• Brain Struct Funct · Jan 2015

    Investigating the ventral-lexical, dorsal-sublexical model of basic reading processes using diffusion tensor imaging.

    • Jacqueline Cummine, Wenjun Dai, Ron Borowsky, Layla Gould, Claire Rollans, and Carol Boliek.
    • Department of Speech Pathology and Audiology, Faculty of Rehabilitation Medicine, University of Alberta, 2-70 8205 114st, Edmonton, AB, T6G 2G4, Canada, jcummine@ualberta.ca.
    • Brain Struct Funct. 2015 Jan 1; 220 (1): 445-55.

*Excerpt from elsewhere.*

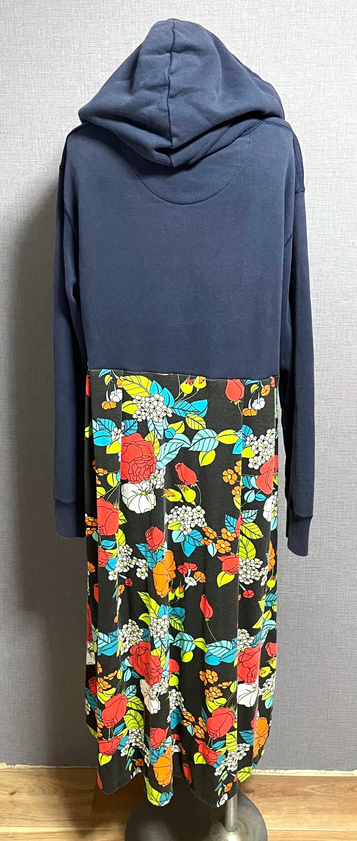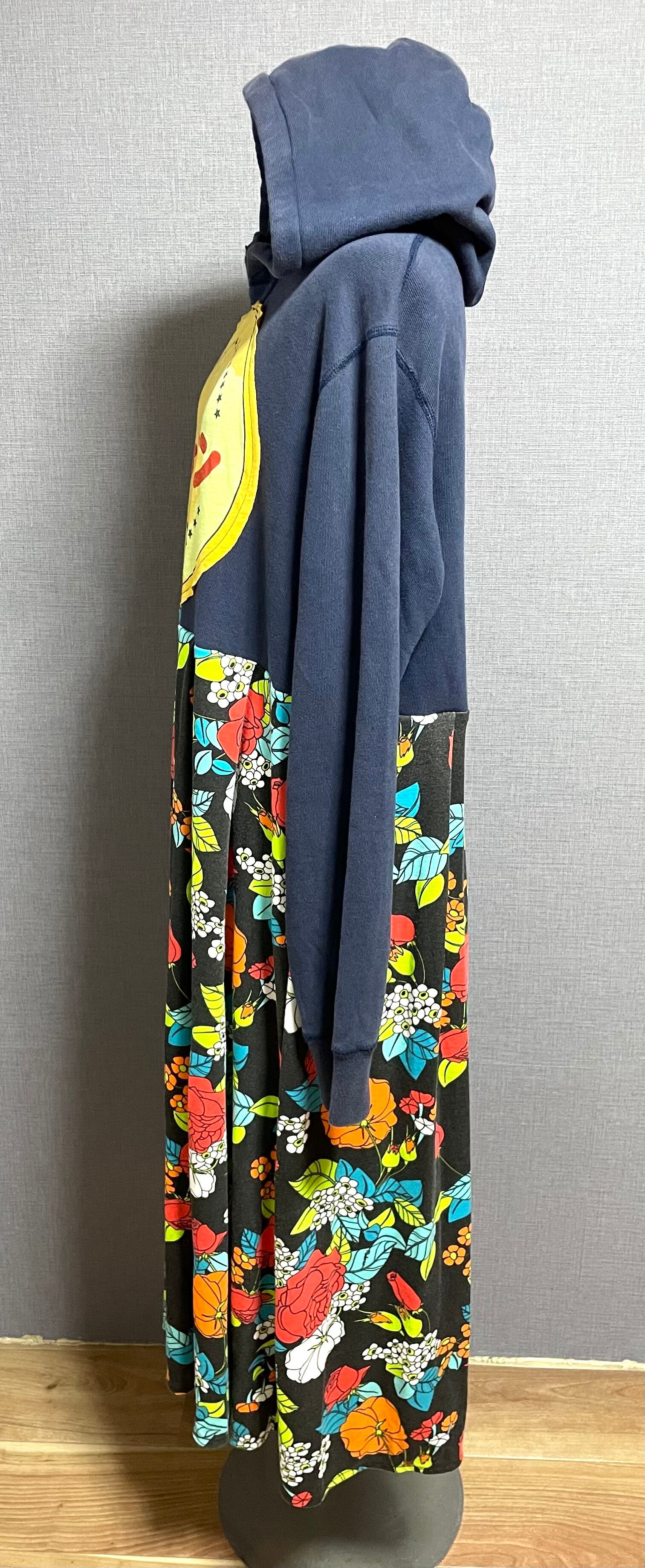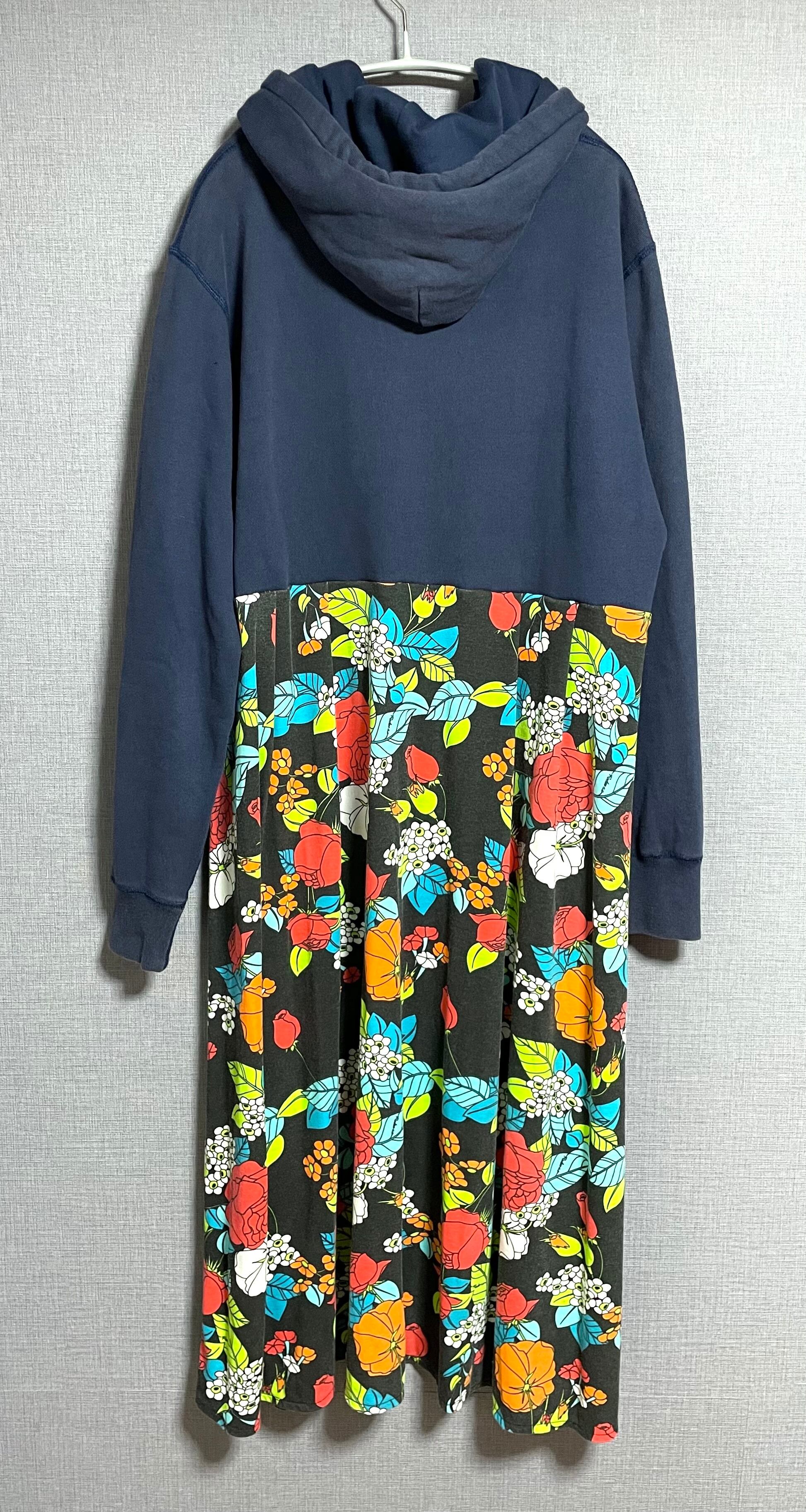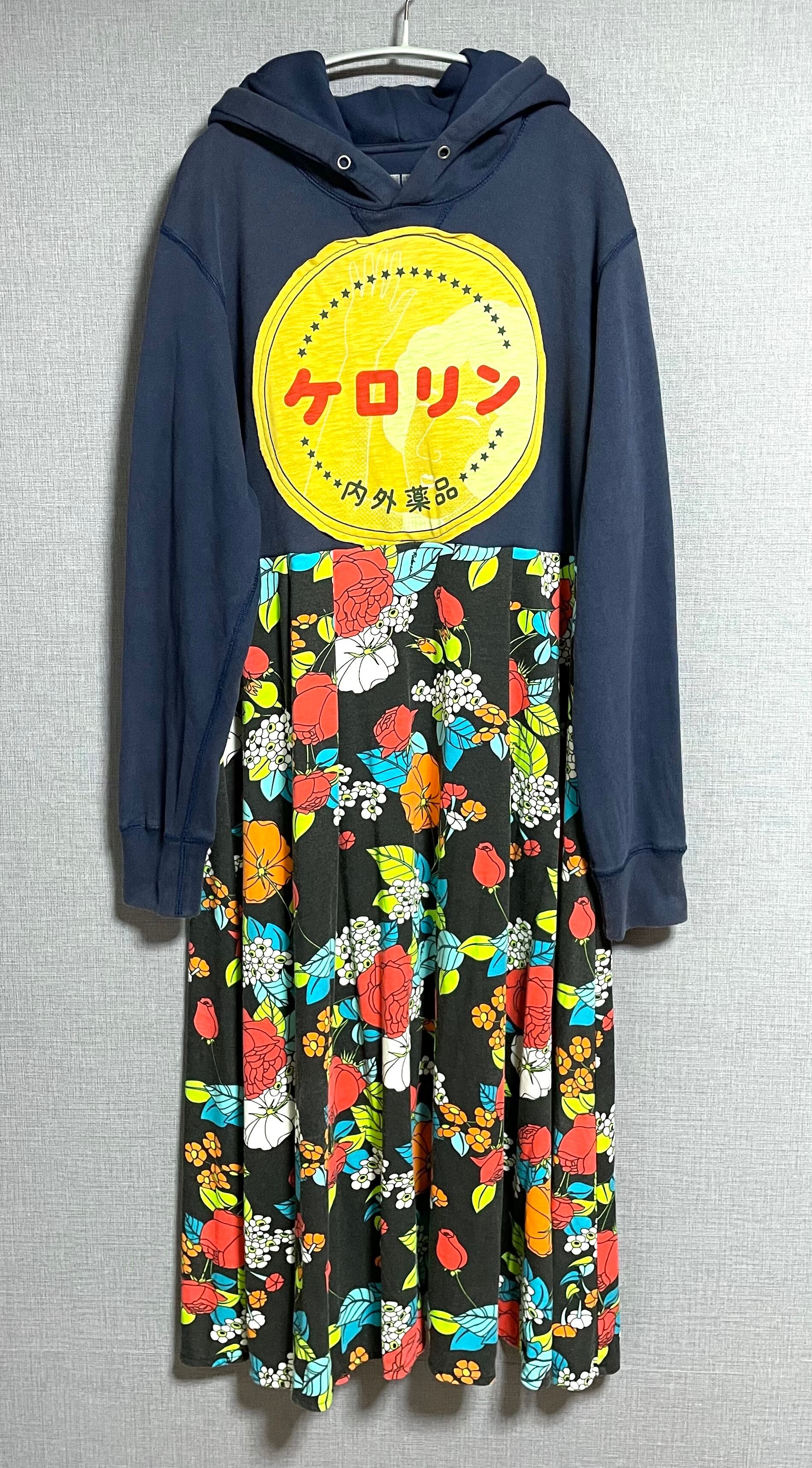 ネイビーパーカーにケロリンを縫いつけ、可愛い柄スカートを合わせています♬
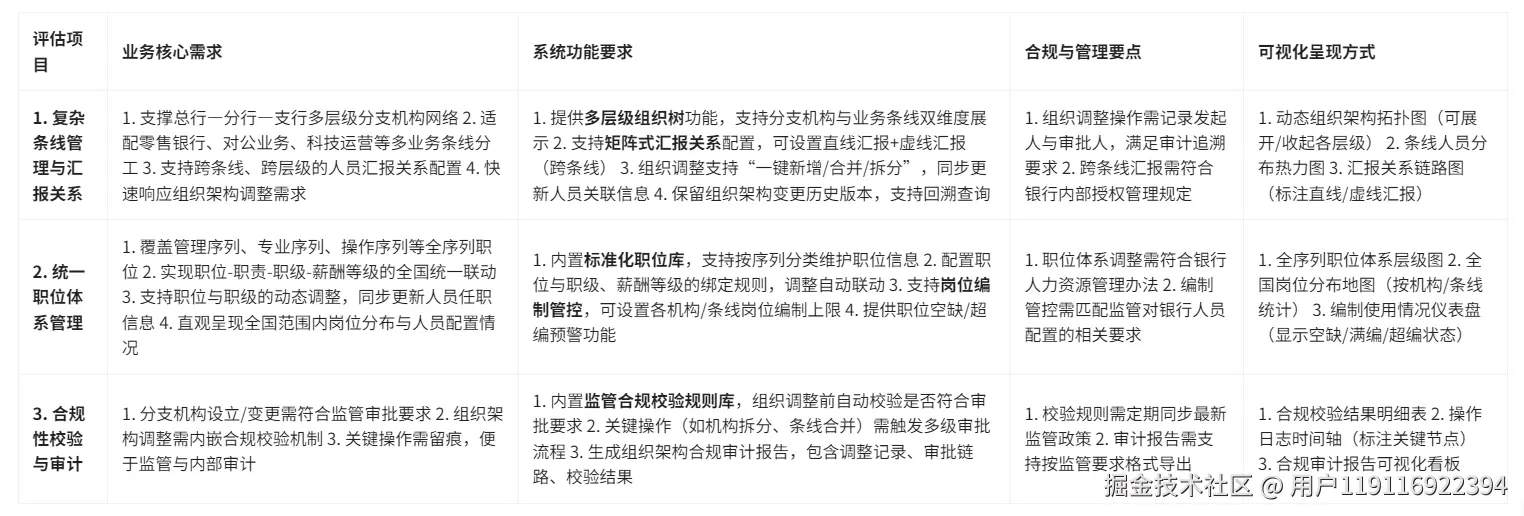 银行组织架构的条线化和职位体系的规范性决定了人力资源数字化系统在组织管理方面的特殊需求。银行的人力资源管理数字化系统很难离开对组织架构的精确管理。作为金融行业的重量级机构,银行拥有庞大的分支机构网络,其层级关系包括从总行到分行再到支行的多级管控模式。在这一结构中,系统必须能够动态展现复杂的矩阵式管理模式,并确保职位体系与监管要求的完美结合。

    AbstractRecent results from diffusion tensor imaging (DTI) studies provide evidence of a ventral-lexical stream and a dorsal-sublexical stream associated with reading processing. We investigated the relationship between behavioural reading speed for stimuli thought to rely on either the ventral-lexical, dorsal-sublexical, or both streams and white matter via fractional anisotropy (FA) and mean diffusivity (MD) using DTI tractography. Participants (N = 32) overtly named exception words (e.g., 'one', ventral-lexical), regular words (e.g., 'won', both streams), nonwords ('wum', dorsal-sublexical) and pseudohomophones ('wun', dorsal-sublexical) in a behavioural lab. Each participant then underwent a brain scan that included a 30-directional DTI sequence. Tractography was used to extract FA and MD values from four tracts of interest: inferior longitudinal fasciculus, uncinate fasciculus, arcuate fasciculus, and inferior fronto-occipital fasciculus. Median reaction times (RTs) for reading exception words and regular words both showed a significant correlation with the FA of the uncinate fasciculus thought to underlie the ventral processing stream, such that response time decreased as FA increased. In addition, RT for exception and regular words showed a relationship with MD of the uncinate fasciculus, such that response time increased as MD increased. Multiple regression analyses revealed that exception word RT accounted for unique variability in FA of the uncinate over and above regular words. There were no robust relationships found between pseudohomophones, or nonwords, and tracts thought to underlie the dorsal processing stream. These results support the notion that word recognition, in general, and exception word reading in particular, rely on ventral-lexical brain regions.